DESCRIPTION OF THE TASK: Your answer must be the lines from the top of the listing below through the line that holds "Berounka se proměnila na velké jezero.", retyped exactly, with no pictures.

DATA SECTION:
>>>>
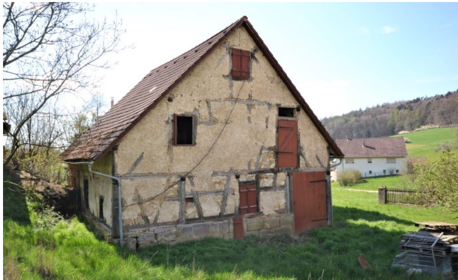
Giebelseite des Fachwerkanbaus
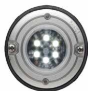
Ledinterieurverlichting Art.nr. 210-30-0307 360 lumen, aluminium basis 5 jaar garantie op de ledunits
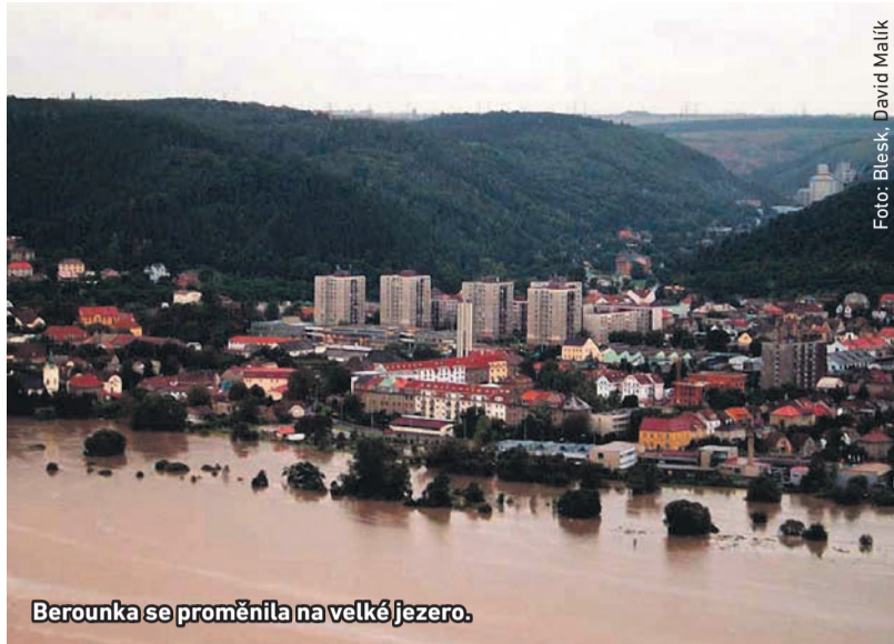
Berounka se proměnila na velké jezero.

Hloubka zatopených objektů dosahovala až ke čtyřem metrům, na Horymírově náměstí bylo 1,5 metru vody. Velmi postižená byla lokalita Šárovo kolo, která se před pár lety stejně jako další místa v Radotíně dočkala protipovodňové ochrany. ■
<<<<
RESULT:
Giebelseite des Fachwerkanbaus
Ledinterieurverlichting Art.nr. 210-30-0307 360 lumen, aluminium basis 5 jaar garantie op de ledunits
Berounka se proměnila na velké jezero.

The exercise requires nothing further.